OVERSTAYERS: Samoa, China and India top NZ’s overstayers list
Samoa is New Zealand’s top-ranked country for the largest decrease in overstayers since 2000. China and India are at the bottom with the highest increase in overstayers for the same period. A different perspective for Samoa from a 2012 headline that read, Samoa, India and China top deportation list.
Yesterday, the government congratulated itself by releasing latest estimates showing a 45 per cent decrease (just under 10,000) in the number of overstayers in New Zealand, for the period July 2000 to January 2016.
Samoa leads the list with a 61 per cent decrease in the number of overstayers (from 5,456 to 2,124).
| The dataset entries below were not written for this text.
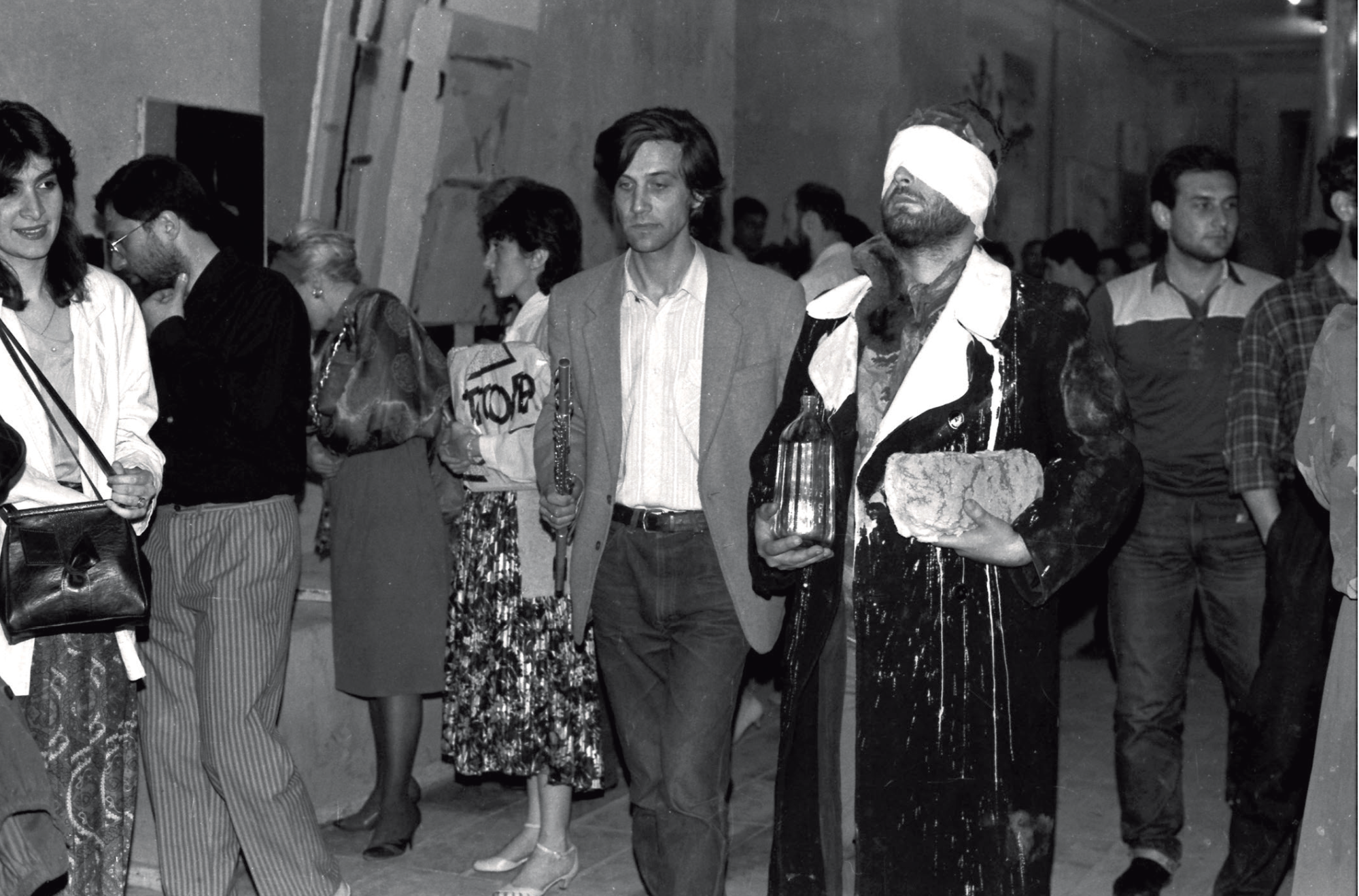 წიგნში არის ის პირველი პერფორმანსიც, როცა მხატვარმა მამუკა ცეცხლაძემ დამსწრეების თვალწინ შეასრულა არტისტული პერფორმანსი და ეს ადვილი არ იყო. როცა საზოგადოება შეჩვეული იყო, გამოფენაზე რომ მიდის, კედელზე დაკიდებული სურათი უნდა იხილოს მარტო, მისთვის რთული მისაღებია, რომ არტისტი, რომელიც ამბობს, რომ მე არტისტი ვარ და ყური დამიდგეთ, აკეთებს ისეთ რამეს, რაც შეიძლება ფანჯრიდან ჩანდეს, როგორც სიგიჟე. და ამას აკეთებს ისეთი აკადემიური არტისტი, როგორიც მამუკა ცეცხლაძეა. მან თვალახვეულმა დააპურა ქათამი. მაშინ ეს შოკისმომგვრელი უფრო იყო, ვიდრე მერე ანალიზის საგანი. „აუ ეს რა გააკეთა!“ ის კი არა, რომ რატომ გააკეთა. ეს მართლა მნიშვნელოვანი იყო. იქ ძირითადად ხელოვნებით დაკავებული ადამიანები დადიოდნენ და მათთვისაც შოკისმომგვრელი იყო. და იყო ნიშანი იმისა, რომ შენც შეგიძლია. მისი გაბედულება იყო შენი გაბედულების ტოლფასი.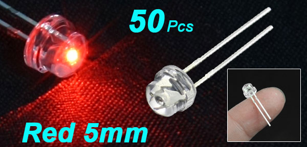 50 x 5mm Dia Straw Hat Red LED Light Lamp Emitting Diodes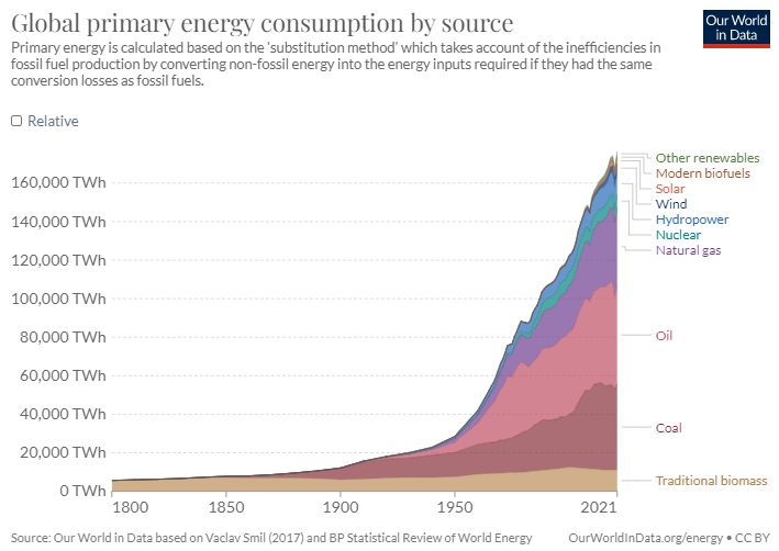 - Oil, coal and gas alone account for 75% of our primary energy consumption (and 67% of our final energy consumption in “direct” fossil fuel consumption, and 80% including fossil fuel electricity). ↩︎

Tonga also had a significant 53 per cent decrease in overstayer numbers (from 5,073 to 2,381).
However, over the same period, Chinese overstayers increased by a massive 120 per cent, while Indians increased by 69 per cent.
But Immigration Minister Michael Woodhouse has batted away the Chinese and Indian trend-buckers by saying, “You have to put that in the context of the far greater number of Chinese nationals coming to New Zealand for any reason – whether it’s for tourism, for study, skilled work.”
Instead he focused praise on Immigration New Zealand for reducing overstayer numbers and the corresponding cost savings to the tax payer.
“The latest figures show the Government’s focus on improved security at the border and decisive action to deal with overstayers continues to pay dividends,” Mr Woodhouse stated yesterday.
“The current estimate is 45 per cent lower than the overstayer estimate a decade ago of more than 20,000. At the same time, removal and deportation costs have more than halved from $3 million in 2005/06 to $1.3 million in 2014/15.
“I congratulate Immigration New Zealand on the work they are doing alongside other agencies in ensuring that those who do become overstayers, leave quickly.”
But Immigration lawyer Richard Small told Radio NZ that instead of celebrating numbers, the government should look at the human stories behind the statistics and take a more caring response to each case accordingly.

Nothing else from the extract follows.